M. Obama a précisé : « Il ne s’agit pas seulement d’organiser des élections. Il s’agit aussi de ce qui se passe entre les élections. La répression peut prendre de nombreuses formes, et trop de pays, même ceux qui organisent des élections, sont en proie à des problèmes qui condamnent leur population à la pauvreté. Personne ne veut vivre dans une société où l’État de droit cède la place à la brutalité et à la corruption. Ce n’est pas de la démocratie, c’est de la tyrannie, même si, de temps en temps, des élections sont organisées. Il est temps de mettre fin à ce style de gouvernance ».
Après deux mandats, M. Obama a quitté le poste de président des États-Unis ; pourtant, certains des dirigeants africains auxquels il a adressé son message sont toujours au pouvoir, bien qu’ils l’aient été pendant plus de deux ou trois décennies avant lui.
En 2008, lorsque M. Obama a remporté la présidence des États-Unis et a prêté serment le 20 janvier 2009, le président de la Guinée équatoriale, M. Teodoro Obiang Nguema Mbasogo, était au pouvoir depuis 30 ans déjà. Pourtant, sa présidence a duré sept ans de plus que celle de M. Obama. Il est au pouvoir depuis 44 ans. Cela fait que sa présidence est plus vieille que la mienne de deux ans », comme l’a indiqué M. Obama. Cela signifie qu’il y a toute une génération d’Equatoguinéens qui n’ont connu aucun autre président de leur pays à part Obiang Nquema Mbasogo, dont on dit qu’il prépare son fils dépensier, Teodoro Nguema Obiang Mangue Obiang (Teodorin), le deuxième vice-président, à lui succéder.
Mbasago est devenu président en 1979 après avoir renversé son oncle, Francisco Macías Nguema – un autre dictateur brutal – qui est devenu le premier dirigeant de son pays après l’indépendance, du 12 octobre 1968 jusqu’à ce que son neveu l’évince le 3 août 1979.
Depuis, Mbasogo s’est maintenu au pouvoir d’une main de fer.

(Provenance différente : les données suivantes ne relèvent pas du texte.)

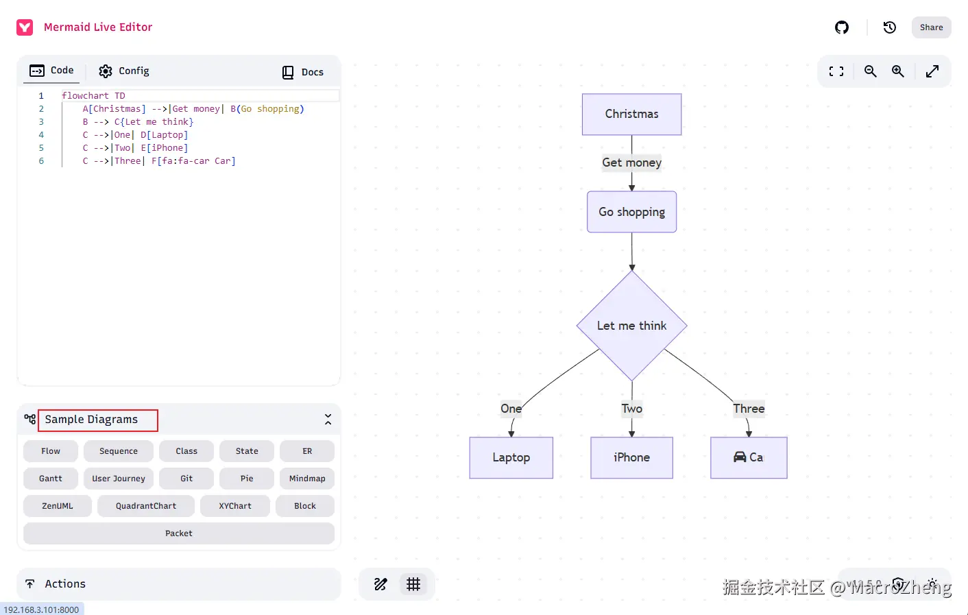 Sample Diagrams来查看生成图表的效果,访问地址:http://192.168.3.101:8000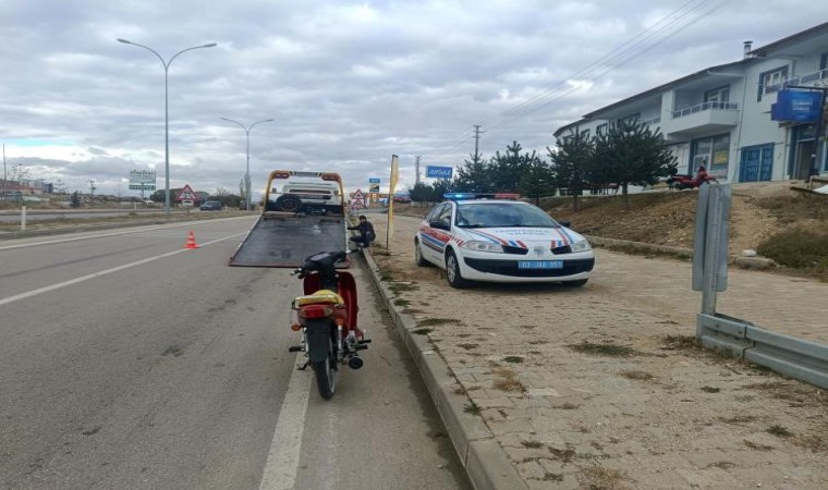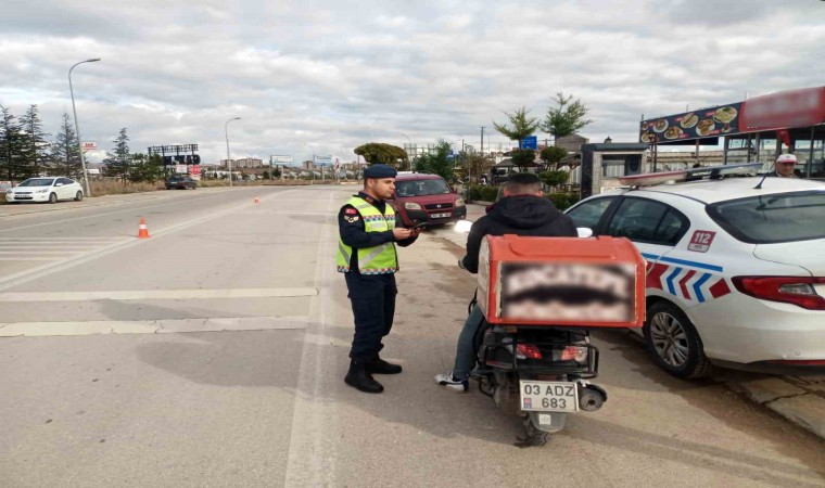 Jandarmanın motosiklet kazalarının önüne geçmek için yaptığı aralıksız denetimler son olarak İhsaniye ilçesine bağlı Gazlıgöl beldesinde gerçekleşti. Denetimlerin amacı motosiklet kazalarının önüne geçmek ve belgesiz motosiklet kullanımının önlenmesi olduğu aktarıldı. Jandarma ekipleri plakası olmayan şüpheli bir motosikleti durdurdu. Araçta ve çeşitli suçlardan arama kaydının olduğu öğrenilen sürücünün üzerinde çok miktarda uyuşturucu madde ele geçirdi. Sürücü ve yanında bulunan yabancı uyruklu şahıs jandarma ekipleri tarafından gözaltına alındı.

À 81 ans, il est le plus ancien président d’un pays du monde et le deuxième dirigeant national non royal à être resté le plus longtemps en fonction dans le monde. Depuis le retour du pays à un régime civil en 1982, il a remporté six élections consécutives, chacune avec plus de 90 % des voix, que ses adversaires – ceux qui ont le courage de le contester – ne cessent de qualifier de « frauduleuses ». Il a remporté le sixième scrutin en novembre 2022 avec 94,9 % des voix. En 1982 et 1989, il était le seul candidat. En 1996 et 2002, il a obtenu 98 % des voix. Il a obtenu 103 % des suffrages exprimés dans une circonscription électorale lors des élections de 2002. Il a remporté son quatrième mandat en 2009 avec 97 % des voix et le cinquième avec 93 %.
Outre la longévité qu’il s’est imposée, la corruption a été le pilier de la présidence d’Obiang Nguema. Ses enfants ont été accusés à plusieurs reprises de financer leur train de vie somptueux en détournant des fonds des caisses de ce minuscule pays d’Afrique centrale riche en pétrole (environ 1,5 million d’habitants). Entre yachts de luxe, hôtels particuliers et souvenirs de Michael Jackson, Teodorin, comme on appelle l’héritier présomptif de Mbasogo, n’a cessé de faire parler de lui pour de mauvaises raisons.
« Par le biais de détournements de fonds et d’extorsions incessants, le vice-président Nguema Obiang a pillé sans vergogne son gouvernement et racketté les entreprises de son pays pour soutenir son mode de vie somptueux, alors que nombre de ses concitoyens vivaient dans une extrême pauvreté », comme l’a souligné Leslie R. Caldwell, procureur général adjoint des États-Unis. Il a fait cette déclaration en 2014 au sujet d’un manoir de 35 millions de dollars et d’une Ferrari que Teodorin aurait acquis aux États-Unis avec 300 millions de dollars d’argent corrompu. « Après avoir touché des millions de dollars en pots-de-vin et en commissions occultes, Nguema Obiang s’est lancé dans un programme de dépenses aux États-Unis, alimenté par la corruption », a déclaré à l’époque le procureur général adjoint des États-Unis.
Un autre de ses fils, Ruslan Obiang Nsue, a été arrêté en janvier 2023 et placé en résidence surveillée parce qu’il était soupçonné d’avoir vendu un avion national, l’ATR 72-500.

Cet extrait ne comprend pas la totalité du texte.